Hello folks, I have been reading and reading all over the net until my eyes are shot, and can not find an answer to these questions. So, I come to all of you more experienced people.

1. I know that Seagulls are a good buy, and that is why I am saving. I like the wide neck, but there are some people saying that the strings are too close together at the bridge....SO.....which guitar out there has a wide neck AND a wide string spacing at the bridge? It seems like having the wide spacing at both ends would be a plus for Fingerstyle.

2. Are Seagulls necks bolt on, like Taylor?

3. The newer Seagulls are advertised as having a thinner neck, does this mean in the width, the depth, or both? I have wrote Seagull 2 times, but no response.

4. How do the Normans, Simon & Patricks, and Art & Luther necks measure compared to the Seagulls 1.8". Are they the same, narrower, etc.? Again, I wrote the Godin company but no response.

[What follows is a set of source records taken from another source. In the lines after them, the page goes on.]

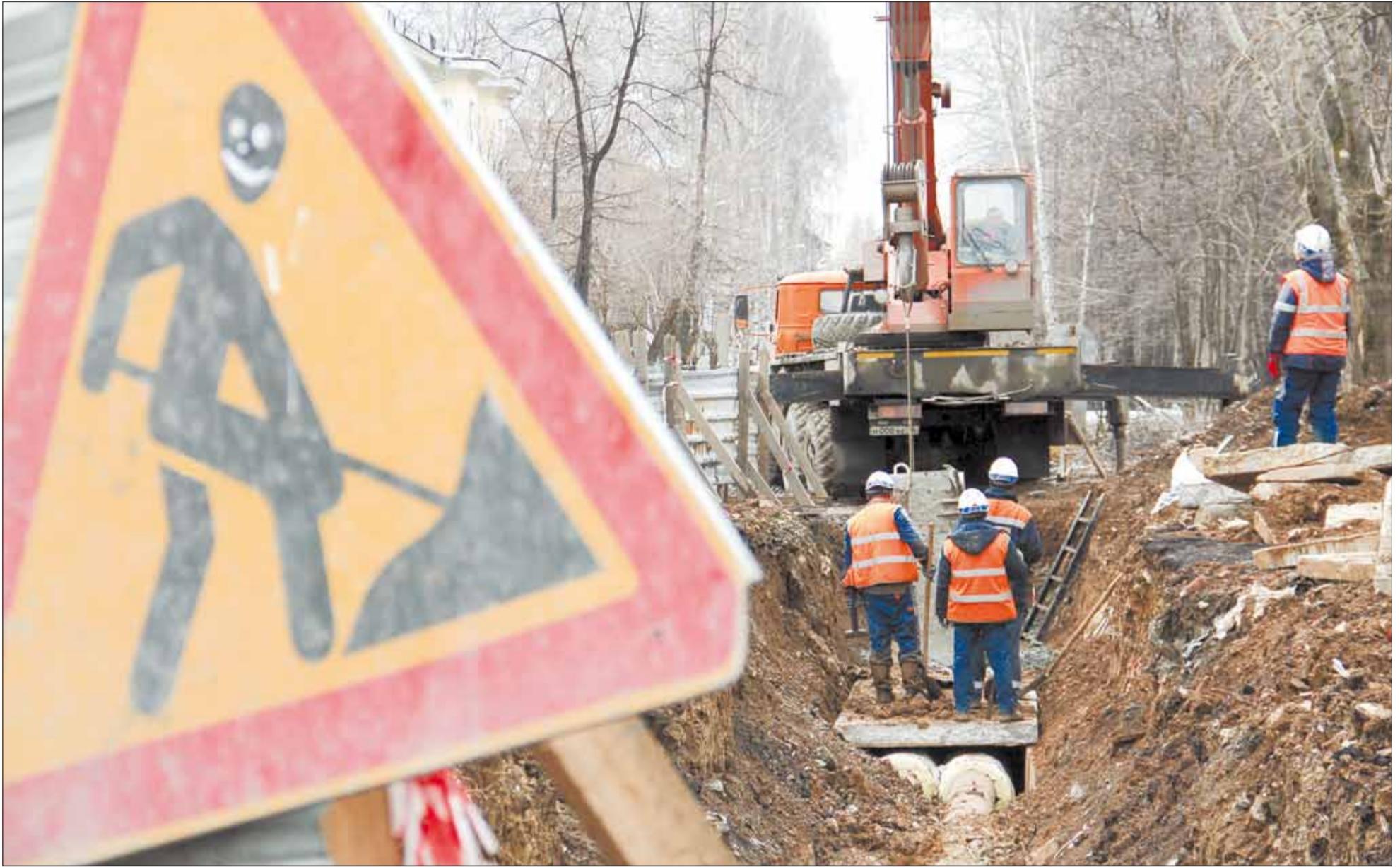
Рабочие СТК завершают ремонтные работы возле дома № 12 по ул. Шиловской. Многократные продолжительные раскопки в этом квартале давно вызывают раздражение у местных жителей.

Коммунальных аварий в холода стало в пять раз меньше
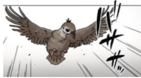
Gambar 8. Giseigo “バササッ”

Pada gambar di atas terlihat seekor burung yang sedang terbang dan hinggap di tangan Papiru. Suara dari kepakkan sayap burung ini dilambangkan dengan kata “バササッ”. Kata “バササッ” ini merupakan onomatope jenis giseigo karena menirukan suara yang ditimbulkan oleh makhluk hidup. Maknanya adalah suara kepakkan sayap burung.
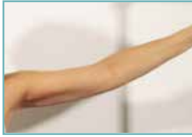
nach 6 Behandlungen
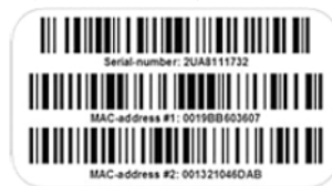
【2】ラベル貼付 (シリアル番号、Macアドレス1、2)
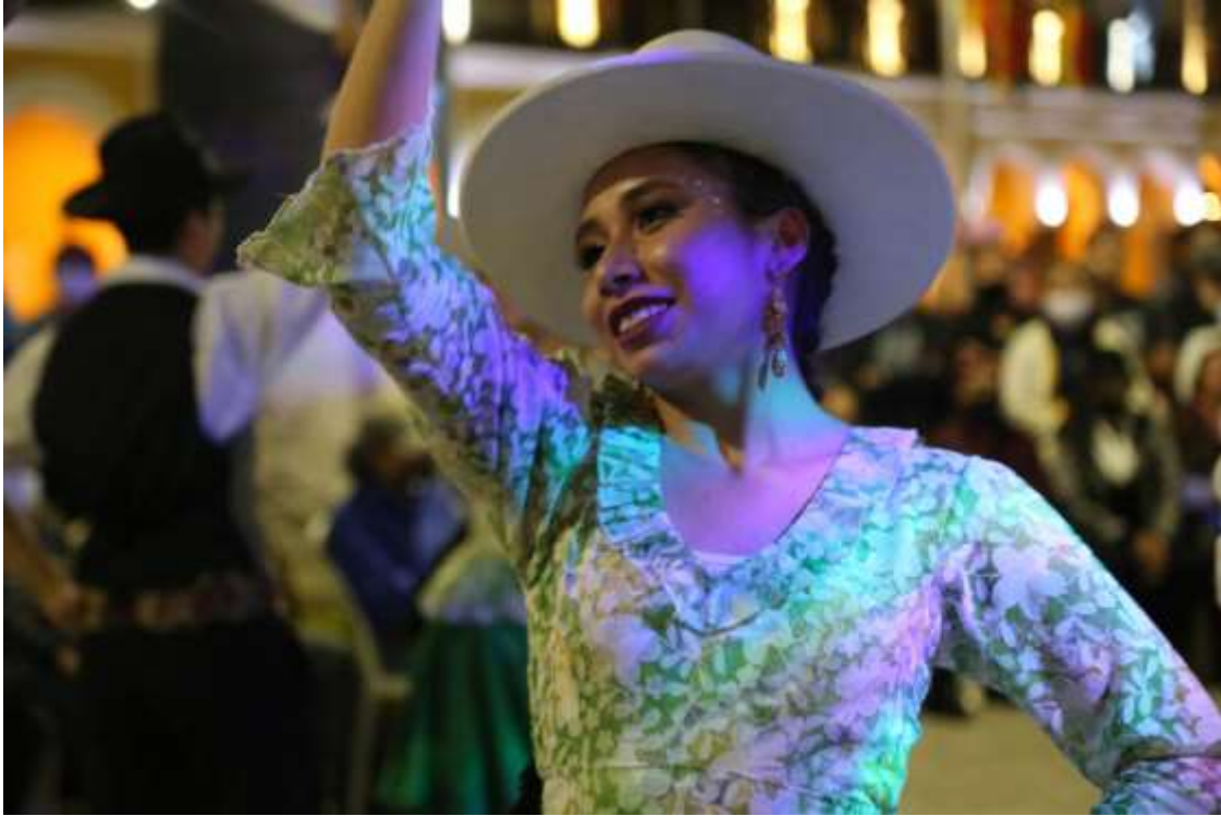
CCP Tunante en Cochabamba.

and 5. I play with a very light touch, and use 12's. Which wood combinations would you recommend for a 90% flesh fingertip player?

Thank You in advance for any info you may have.....:thanks5qx:


----------



## MXDAD (Sep 25, 2006)

I recently looked into neck widths as well. I can tell you both the A&L and S&P are 1.72 neck widths. Norman and the LP’s don’t seem to publish anything nor does A&L but they did respond to my e-mail query about it.


----------



## Smurf42 (Jun 17, 2006)

Thank You for the reply MXDAD. I have yet to get a reply to the last email I sent Sept.3. I am really in the market for a wide neck guitar, and Godin line keeps getting a lot of recommendations on most every site I have been on. I just figured if the A&L, S&P, and Normans had the same 1.8 wide neck I would save a few bucks.

Again, Thank You for your reply!:smile:


----------